Thanks Paula and PrickliestPear, I appreciate your affirming comments.
Peace,
Michael
Michael, St. John of the Cross saved me...for years! Were it not for him, I believe that the Eros I was trying to simply suppress in favor of fidelity to (a Puritanical vision of) God would have resulted in nothing less than the taking of my own life. I loved your post and the reflection/quotes on the role of Eros with God, and especially the reflections on maturing relationships. I'm getting married in a matter of days, myself, and look forward to that stage where our "roots have so entwined". Thank you.
Hi Polyglot,
Thank you for your heartfelt comment. And congratulations on getting married. I wish you and your man every blessing and happiness.
I'm glad that you're adding your Catholic and gay voice to the blogsphere, and I've happily included your site on my blog roll. I look forward to visiting it on a regular basis.
Peace,
Michael
Such an excellent post, Michael. It warrants a few more readings. For now I must say it brings to mind that some essential aspect(s) of love only come from searching.
Brian
Thank you from India. You have no idea how many lives you are touching...and how they may go on to be transformed by your words...

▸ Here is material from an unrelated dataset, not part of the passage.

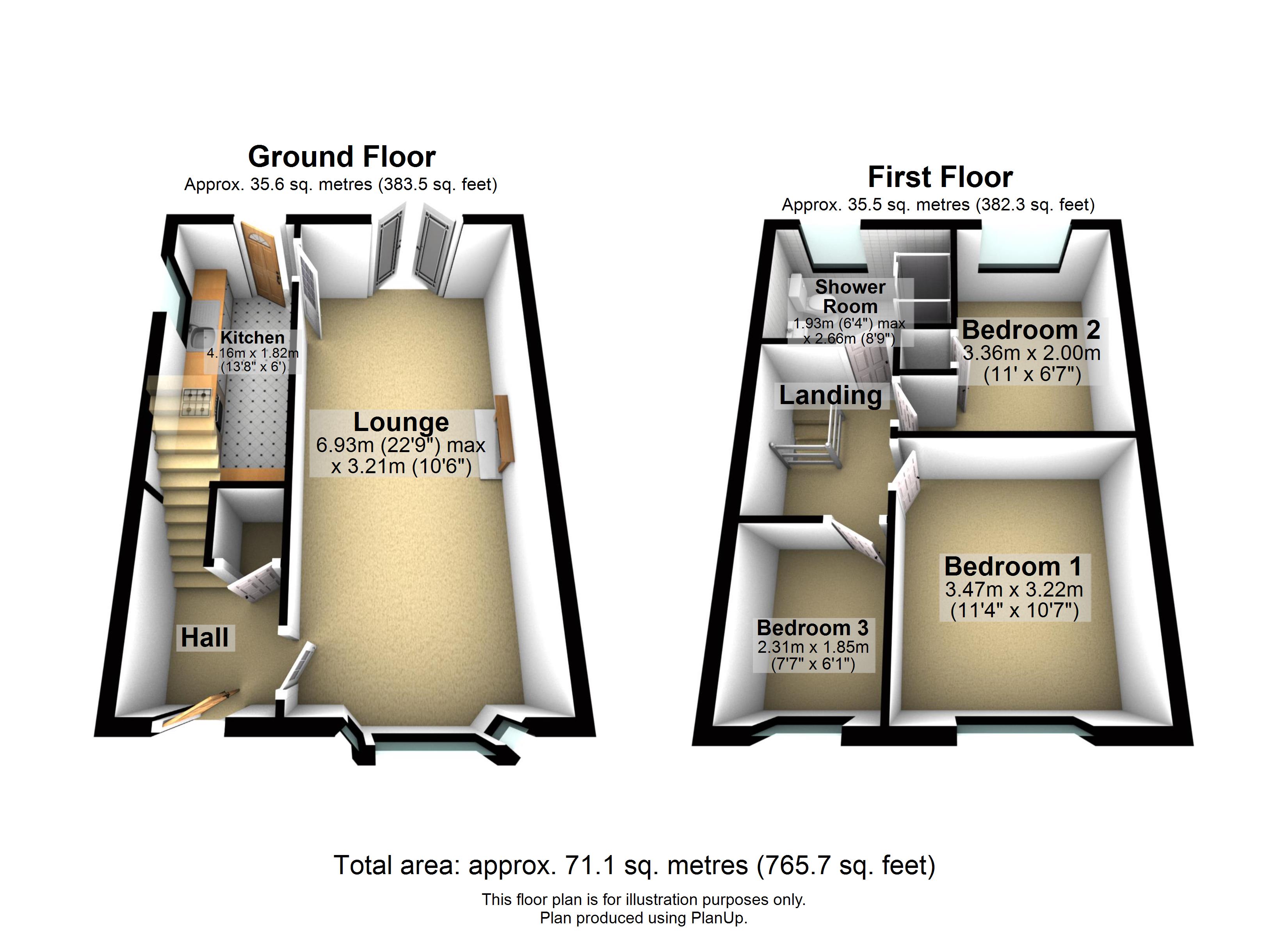 UPVC double glazed frosted door to the front elevation, wall mounted radiator, ceiling light point, storage cupboard, meter cupboard and stairs to the first floor.

What a beautiful post. Amen!
Whilst it is true that the "Dark Night" is erotic in tone, if you read the original Spanish version it is quite clearly a female voice - the feminine endings of adjectives/past participles such as "inflamada" and "notada" make this obvious - as the Spanish word for soul (alma) is feminine, the poem is read as an allegory of the soul's journey to God. Still interesting when it comes from the pen of a male poet, but I don't think it's quite the homoerotic religious work some believe it to be.